SNP heritability of cognitive function

Estimates of the SNP heritability of cognitive function are presented in Table 2 and Fig. 1. Significant heritability was observed only for memory function (h2SNP = 0.46, P = 0.01). Additionally, for memory function, the heritability after adjusting for AB is presented in Supplementary Table S1 (h2SNP adjusted for AB = 0.51) and the heritability estimates for each chromosome are described in Supplementary Table S2 and Supplementary Fig. S1. There was a significant heritability on chromosome 13 (h2SNP = 0.10) and 19 (h2SNP = 0.06).
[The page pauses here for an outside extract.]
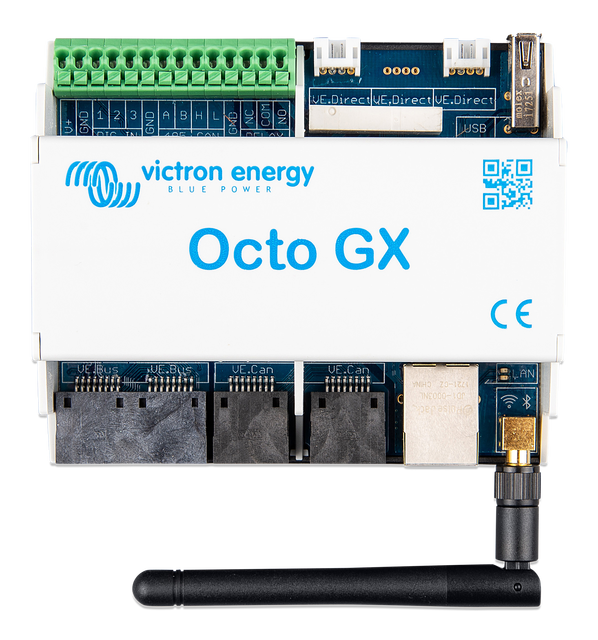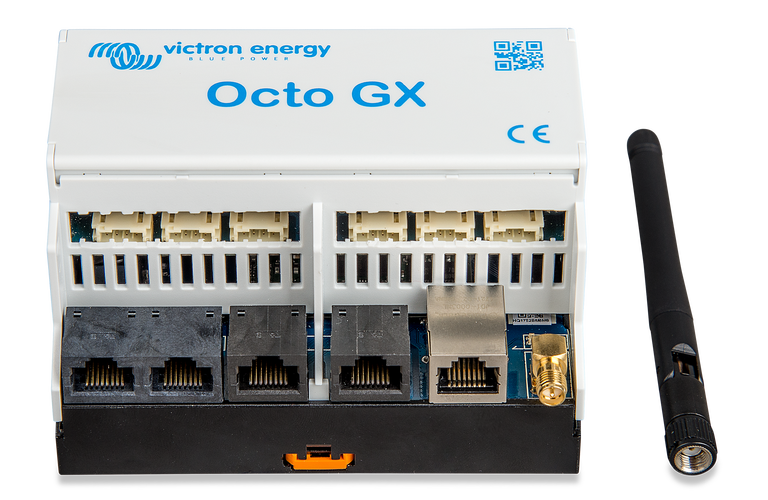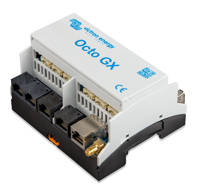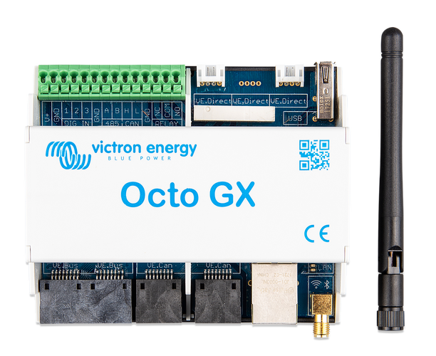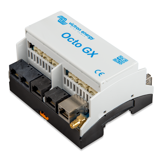 L'Octo GX est un membre de la famille des produits GX. L'Octo GX est la solution qui s'adapte le mieux aux installations disposant de nombreux chargeurs solaires MPPT, puisqu'il est équipé de 10 ports VE.Direct.

However, no significant heritability was found for other cognitive functions (attention: h2SNP = 0.00, P = 0.50; language: h2SNP = 0.06, P = 0.39; visuospatial function: h2SNP = 0.00, P = 0.50; frontal function: h2SNP = 0.19, P = 0.19).

Table 2.

SNP heritability of cognitive function in the whole sample.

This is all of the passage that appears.